== Dataset content ==
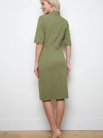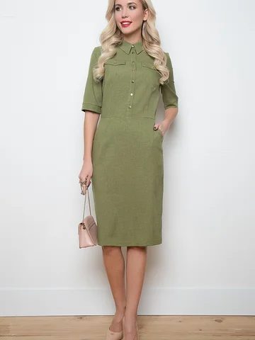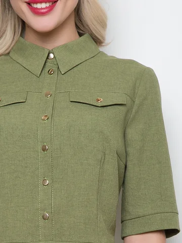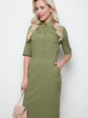 Платье-рубашка никогда не выходит из моды! Модель прилегающего силуэта из льняной ткани. Круглый вырез горловины дополнен рубашечным воротником. Перед дополнен декоративными клапанами и планкой до отрезной линии талии, с застежкой на петли и пуговицы. Спинка дополнена кокеткой. Спереди на уровне бедер расположены карманы с подрезным бочком. Короткие втачные рукава с притачными манжетами. В боковом шве застежка на потайную молнию.
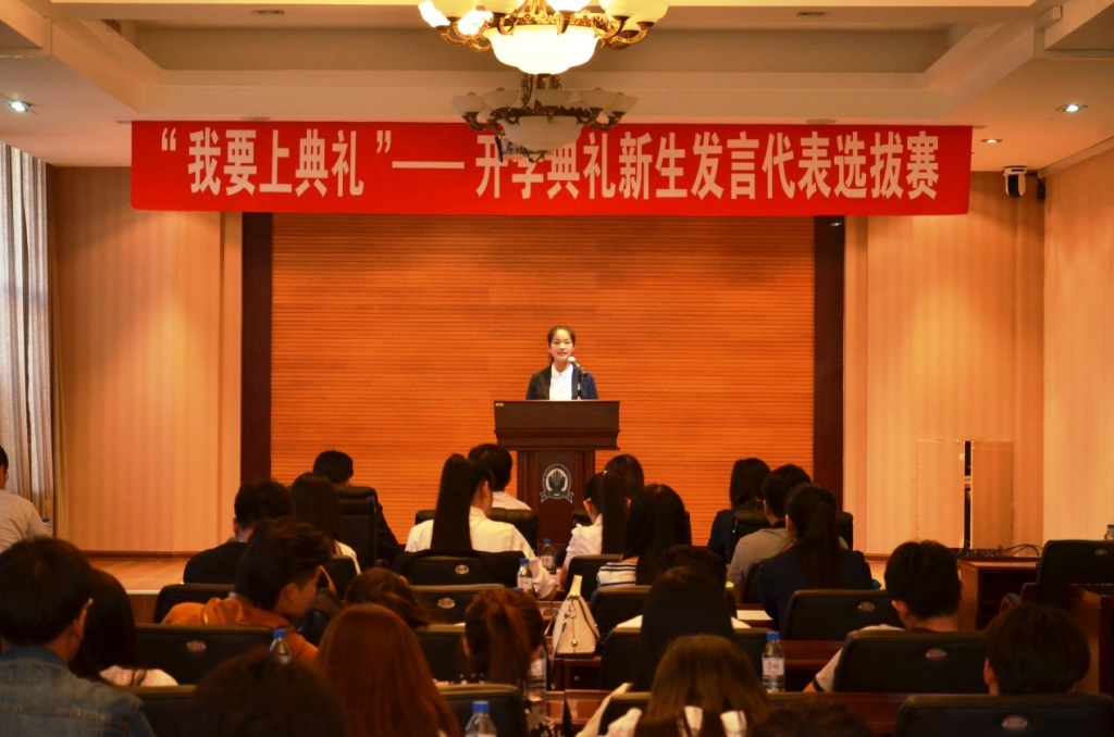 9月7日,由党委学工部主办的“我要上典礼”——开学典礼新生发言代表选拔赛决赛在图书馆一楼会议室举行。经各学院预赛,共有16名2015级新生参加了决赛。
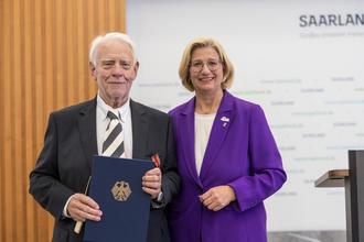 Ministerpräsidentin Anke Rehlinger übergibt Bundesverdienstkreuz an Winfried Burger
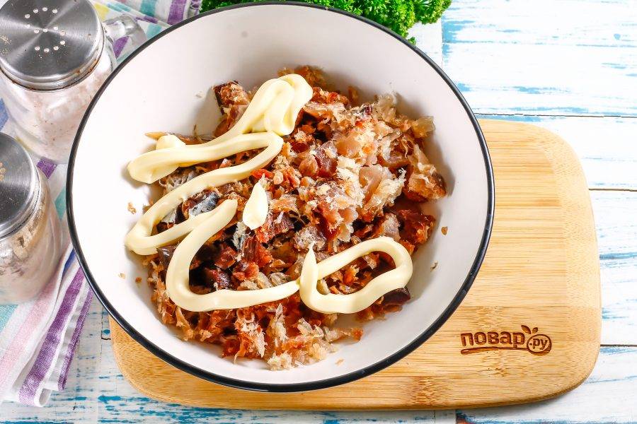В это время разрежьте копченую рыбу пополам, удалите кости, а мякоть нарвите руками на небольшие части и выложите в тарелку. Добавьте майонез и перемешайте.
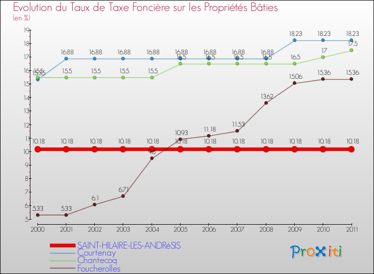 A Saint-Hilaire-les-Andrésis, le taux de taxe foncière sur le bâti a donc augmenté de 0 % entre 2000 et 2011.
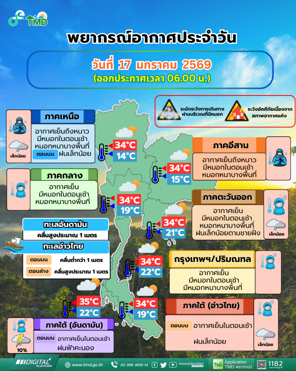 17 มกราคม 2569 พยากรณ์อากาศ 24 ชั่วโมงข้างหน้า ประเทศไทยมีอากาศเย็นกับมีหมอกในตอนเช้า และมีหมอกหนาบางพื้นที่ แต่ยังคงมีอากาศเย็นถึงหนาวในภาคเหนือ และภาคตะวันออกเฉียงเหนือตอนบน เนื่องจากบริเวณความกดอากาศสูงหรือมวลอากาศเย็นกำลังอ่อนปกคลุมประเทศไทยตอนบน ในขณะที่ลมฝ่ายตะวันตกจากประเทศเมียนมาเคลื่อนเข้าปกคลุมภาคเหนือตอนบนและลาวตอนบน ประกอบกับมีลมตะวันออกเฉียงใต้พัดนำความชื้นเข้ามาปกคลุมภาคตะวันออก ทำให้บริเวณดังกล่าวมีฝนเล็กน้อยบางแห่ง ขอให้ประชาชนดูแลรักษาสุขภาพเนื่องจากสภาพอากาศที่เปลี่ยนแปลง และเพิ่มความระมัดระวังในการสัญจรผ่านบริเวณที่มีหมอก รวมทั้งระวังอันตรายจากอัคคีภัยเนื่องจากสภาพอากาศแห้งไว้ด้วย
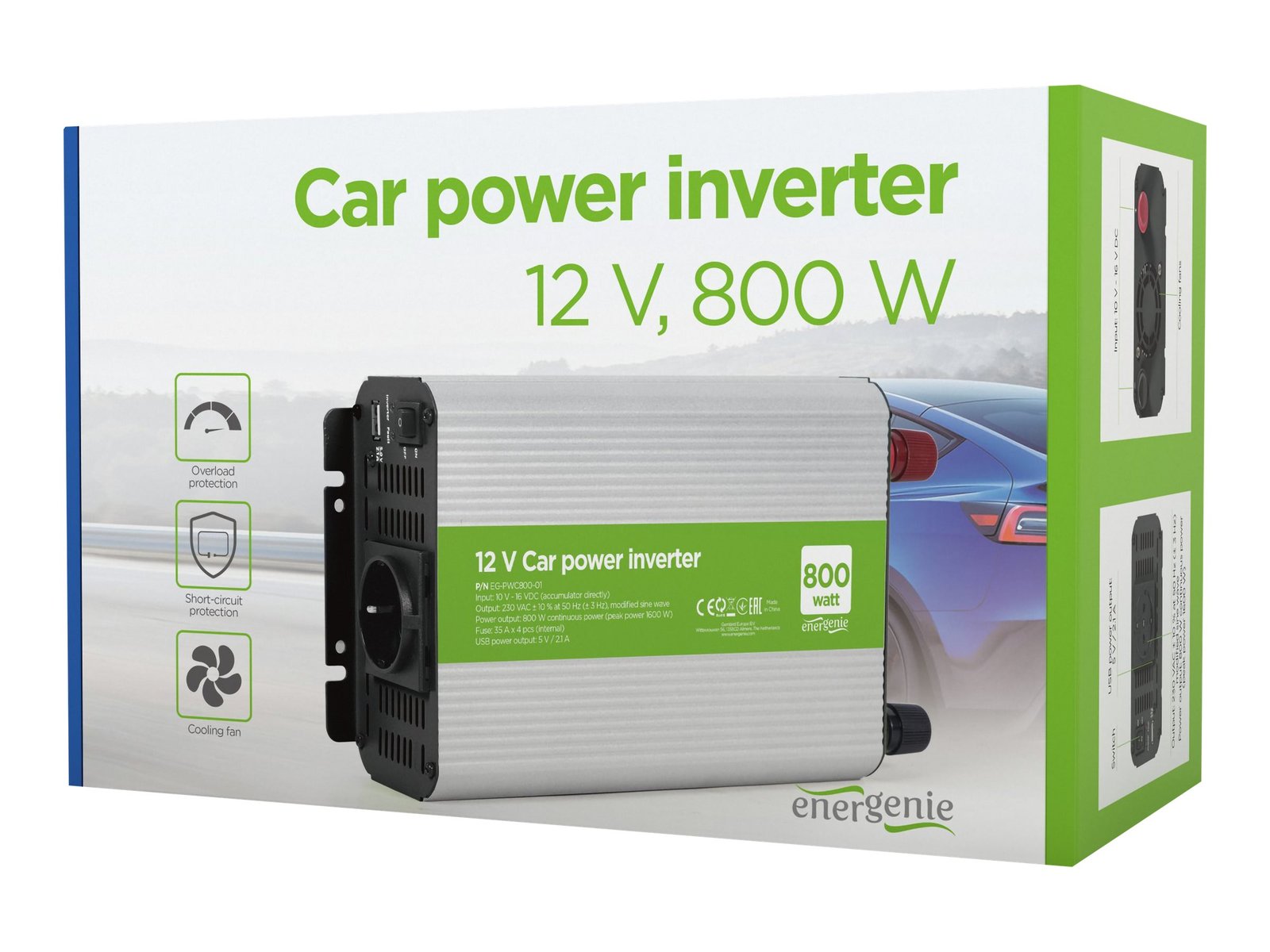| Features | 800 W car power inverter; Allows to connect any AC powered electronics (max. 800 Watt), like notebooks, HiFi or video equipment, chargers of mobile phones/cameras, electrical tools etc.; Overload- and short-circuit protection, plus a built-in cooling fan provides a stable power supply; LED status indicators and alarm buzzer |
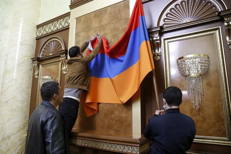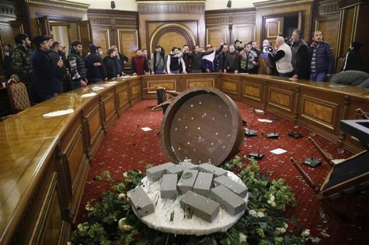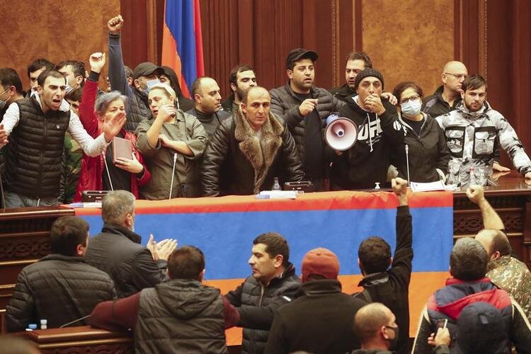 Azerbaycan ordusunun cephede diz çöktürdüğü Ermenistan, ağır bir mağlubiyet aldı. Yenilgiyi açıklayan Başbakan Paşinyan'a öfke seli sokakları savaş alanına döndürdü. Gözü dönmüş kalabalık Meclis binasını basarak Meclis Başkanı Ararat Mirzoyan'ı linç etmeye kalkıştı.
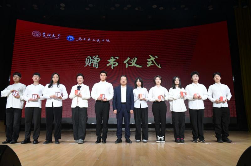开学典礼在全场庄严奏唱中华人民共和国国歌中拉开了序幕。接着举行了赠书仪式。为激励同学们品读经典文集,铸牢信仰基石,以经典涵养正气、润泽心田,公司为每一位新生准备了电子版《马克思恩格斯选集》以及公司纪念版U盘,由公司领导和老师登台为新生代表颁发。

== Task requirements ==
Without any pictures, write out the lines running from the one containing "9月7日,由党委学工部主办的" through the end of the listing above, both included, exactly as given.

== Exercise solution ==
 9月7日,由党委学工部主办的“我要上典礼”——开学典礼新生发言代表选拔赛决赛在图书馆一楼会议室举行。经各学院预赛,共有16名2015级新生参加了决赛。
 Ministerpräsidentin Anke Rehlinger übergibt Bundesverdienstkreuz an Winfried Burger
В это время разрежьте копченую рыбу пополам, удалите кости, а мякоть нарвите руками на небольшие части и выложите в тарелку. Добавьте майонез и перемешайте.
 A Saint-Hilaire-les-Andrésis, le taux de taxe foncière sur le bâti a donc augmenté de 0 % entre 2000 et 2011.
 17 มกราคม 2569 พยากรณ์อากาศ 24 ชั่วโมงข้างหน้า ประเทศไทยมีอากาศเย็นกับมีหมอกในตอนเช้า และมีหมอกหนาบางพื้นที่ แต่ยังคงมีอากาศเย็นถึงหนาวในภาคเหนือ และภาคตะวันออกเฉียงเหนือตอนบน เนื่องจากบริเวณความกดอากาศสูงหรือมวลอากาศเย็นกำลังอ่อนปกคลุมประเทศไทยตอนบน ในขณะที่ลมฝ่ายตะวันตกจากประเทศเมียนมาเคลื่อนเข้าปกคลุมภาคเหนือตอนบนและลาวตอนบน ประกอบกับมีลมตะวันออกเฉียงใต้พัดนำความชื้นเข้ามาปกคลุมภาคตะวันออก ทำให้บริเวณดังกล่าวมีฝนเล็กน้อยบางแห่ง ขอให้ประชาชนดูแลรักษาสุขภาพเนื่องจากสภาพอากาศที่เปลี่ยนแปลง และเพิ่มความระมัดระวังในการสัญจรผ่านบริเวณที่มีหมอก รวมทั้งระวังอันตรายจากอัคคีภัยเนื่องจากสภาพอากาศแห้งไว้ด้วย
| Features | 800 W car power inverter; Allows to connect any AC powered electronics (max. 800 Watt), like notebooks, HiFi or video equipment, chargers of mobile phones/cameras, electrical tools etc.; Overload- and short-circuit protection, plus a built-in cooling fan provides a stable power supply; LED status indicators and alarm buzzer |
 Azerbaycan ordusunun cephede diz çöktürdüğü Ermenistan, ağır bir mağlubiyet aldı. Yenilgiyi açıklayan Başbakan Paşinyan'a öfke seli sokakları savaş alanına döndürdü. Gözü dönmüş kalabalık Meclis binasını basarak Meclis Başkanı Ararat Mirzoyan'ı linç etmeye kalkıştı.
开学典礼在全场庄严奏唱中华人民共和国国歌中拉开了序幕。接着举行了赠书仪式。为激励同学们品读经典文集,铸牢信仰基石,以经典涵养正气、润泽心田,公司为每一位新生准备了电子版《马克思恩格斯选集》以及公司纪念版U盘,由公司领导和老师登台为新生代表颁发。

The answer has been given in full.